David J. Zeiger, D.O.

Science is continually making discoveries about nutrients and their effects on health. Your body requires more than 40 nutrients for energy, growth, and tissue maintenance. Water, the medium for such bodily fluids as blood and lymph, is the most plentiful component in the body and is crucial to survival. Water transports nutrients into cells and carries waste products and toxins out.


Carbohydrates, proteins, and, fats are known as macronutrients which provide fuel in the form of calories. Carbohydrates, the body’s main energy source, are divided into simple sugars and complex starches. Proteins support tissue growth and repair and help produce antibodies, hormones and enzymes which are all essential for your body’s chemical reactions. (Dietary protein sources include meat, fish, dairy products, poultry, dried beans, nut and eggs.) Dietary fat protects your internal organs, provides energy, insulates against cold, and helps the body absorb certain vitamins. Three kinds of fat include saturated (found in meat, dairy food, and coconut oil), monounsaturated fat (found in olive, peanut, and canola oils), and polyunsaturated fat (found in corn, cottonseed, safflower, soy and sunflower oils).


Your diet also supplies important micronutrients called vitamins and minerals. Needed only in trace amounts, the absence or deficiency of just one vitamin or mineral can cause major illness. Your body also needs a supply of dietary fiber, the indigestible portion of plant foods.

Nutrients in Therapy

Conventional and alternative practitioners alike acknowledge the importance of a healthful diet. Alternative practitioners, however, place more emphasis on dietary intervention in some conditions were conventional medicine would resort first to drugs or even surgery.

Nutrients Prevent Atherosclerosis

Treatment of atherosclerosis, for example, may take the form of an extremely low-fat diet along with a program of meditation, exercise, and support-group therapy. Your diet should be not only low in cholesterol and saturated fat, but high in antioxidants, which neutralize free radicals believed to aggravate tissue damage. The key antioxidants are vitamins E and C, beta carotene (vitamin A), and selenium, which can be toxic in high dosages. To be safe, seek advice from a doctor or nutritionist. Some evidence suggests that garlic, eaten in large quantities, deters oxidation of cholesterol. Grape-skin extracts are reputed to reduce plaque deposits. Alfalfa and bromelin, a pineapple enzyme, are reported to have done the same in animals and may work on humans.

Nutrients Protect Against Heart Disease

Even modest changes in diet and lifestyle can significantly reduce the risk of heart disease. Most people now know that eating foods low in cholesterol, saturated fat, and salt will help keep blood pressure low and decrease the formation of plaques — calcified fatty deposits— in the blood vessels. Less known are those specific vitamins, minerals, and nutrients such as magnesium, potassium, niacin (vitamin B3), many other B complex vitamins, vitamin E, coenzyme Q10, L-carnitine (an amino acid), and the fatty acids in fish oils, that specifically protect against heart and arterial disease.

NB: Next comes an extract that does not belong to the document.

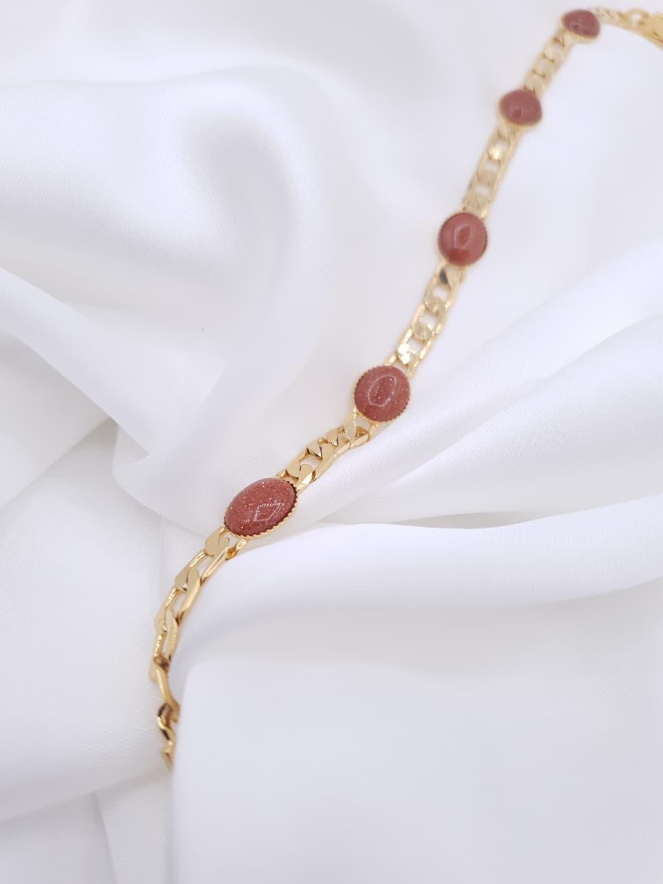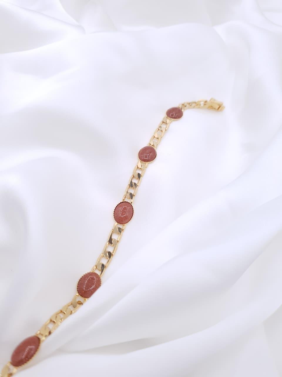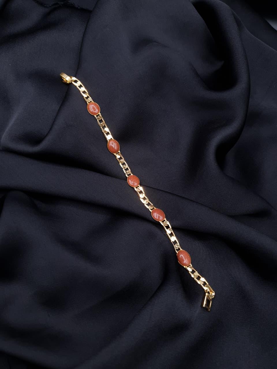 A graceful blend of classic charm and modern elegance. This gold-plated link bracelet is adorned with rich ruby-tone oval stones, delicately set along a sleek chain to create a refined, eye-catching look."
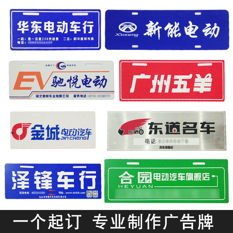 Customized car 4S store new car advertising plate PVC plastic aluminum used license plate gold and silver drawing UV custom license plate

Nutrients and Cancer Prevention

Scientific evidence suggests that nutrition may play a role in cancer prevention. Vitamins, minerals, and nutrients may inhibit cancer by neutralizing carcinogens, ensuring proper immune system function and preventing tissue and cell damage. Researchers are particularly interested in antioxidants like vitamins A (particularly beta carotene), C, and selenium, but are also studying, among others, folic acid, vitamin B6, magnesium, and zinc.

Nutritional Supplements

If you consistently eat a well-balanced diet of fresh fruits, vegetables, grains, and some animal protein, you probably don’t require a nutritional supplement. Multi-nutrient supplements offer insurance for those times when eating well is a challenge — and can be indispensable during pregnancy and times of disease, injury, and extreme stress or physical exertion. Always take supplements in moderation. High doses may be harmful and should be taken only under a doctor’s or registered dietitian’s guidance.